◆ What you have to do ◆
Copy the records below line by line and word for word, from the very first line through the line with "В Таиланде регулярно", omitting each picture.

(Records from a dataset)
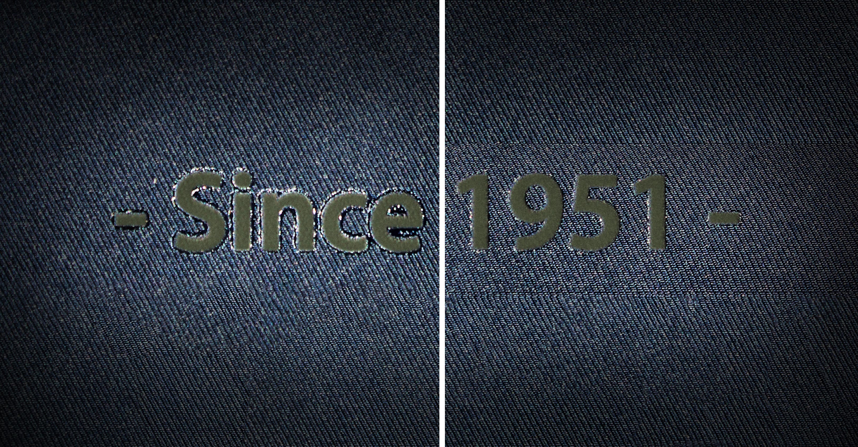 Problemet blir extra tydligt när du applicerar en mörk transfer på mörka plagg och textiler, något vi kallar ton i ton. Då vi har ett utåtfallande lim skapas en hinna utanför själva loggan, en limkant, som syns när både material och tryck är mörkt. Om du inte kan välja en annan färg på transfertrycket har du som alternativ att lägga till en vit outline eller en vit platta – och på så sätt syns inte limmet. En annan lösning är en metod vi kallar för ”läskning av limkant”.
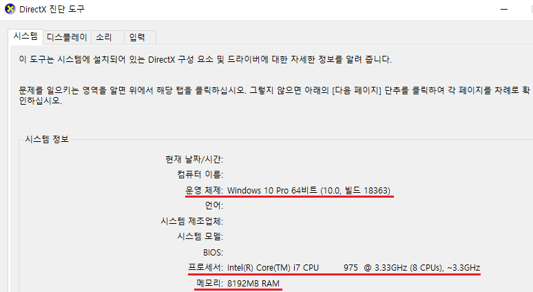 2. 아래와 같이 DirectX 진단 도구창이 뜨는데 내 컴퓨터의 윈도우가 몇인지 운영체제가 몇비트인지 알 수 있습니다.
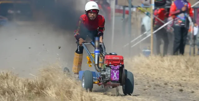 В Таиланде регулярно проводят такие необычные гонки. В них фермеры превращают мотоблоки в гоночные болиды, которыми нужно управлять стоя. Это выглядит довольно зрелищно.
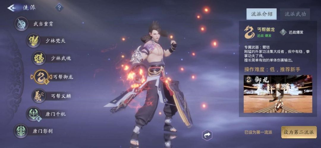 御龙是《剑侠情缘2剑歌行》游戏中丐帮的主力输出流派,近战输出职业的代表。在丐帮的两个流派中,棍法是义麟的强项,而御龙则是拳掌法的集大成者,是目前游戏中,单体输出爆发最高的流派。下面就让我们一起来了解下御龙的武功和加点建议吧。
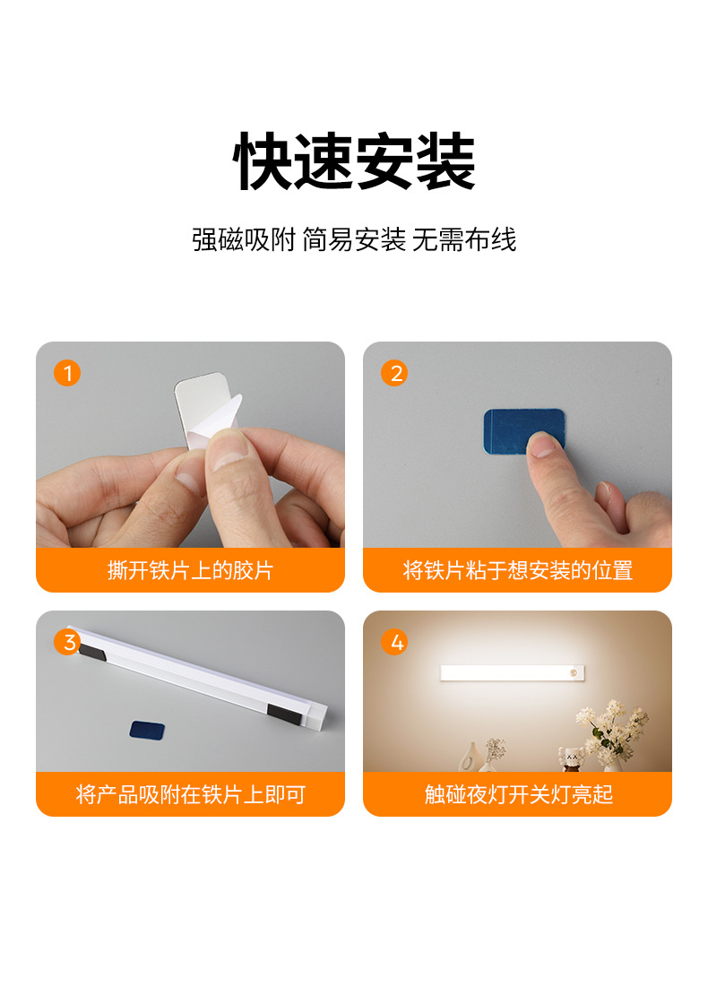 긴 캐비닛 조명, 침대 조명 제어 LED 천 없는 조명 스트립, 복도 자체 접착 센서 전구, 자기 라인 조명 스트립 충전스토어 가기

◆ Task solution ◆
 Problemet blir extra tydligt när du applicerar en mörk transfer på mörka plagg och textiler, något vi kallar ton i ton. Då vi har ett utåtfallande lim skapas en hinna utanför själva loggan, en limkant, som syns när både material och tryck är mörkt. Om du inte kan välja en annan färg på transfertrycket har du som alternativ att lägga till en vit outline eller en vit platta – och på så sätt syns inte limmet. En annan lösning är en metod vi kallar för ”läskning av limkant”.
 2. 아래와 같이 DirectX 진단 도구창이 뜨는데 내 컴퓨터의 윈도우가 몇인지 운영체제가 몇비트인지 알 수 있습니다.
 В Таиланде регулярно проводят такие необычные гонки. В них фермеры превращают мотоблоки в гоночные болиды, которыми нужно управлять стоя. Это выглядит довольно зрелищно.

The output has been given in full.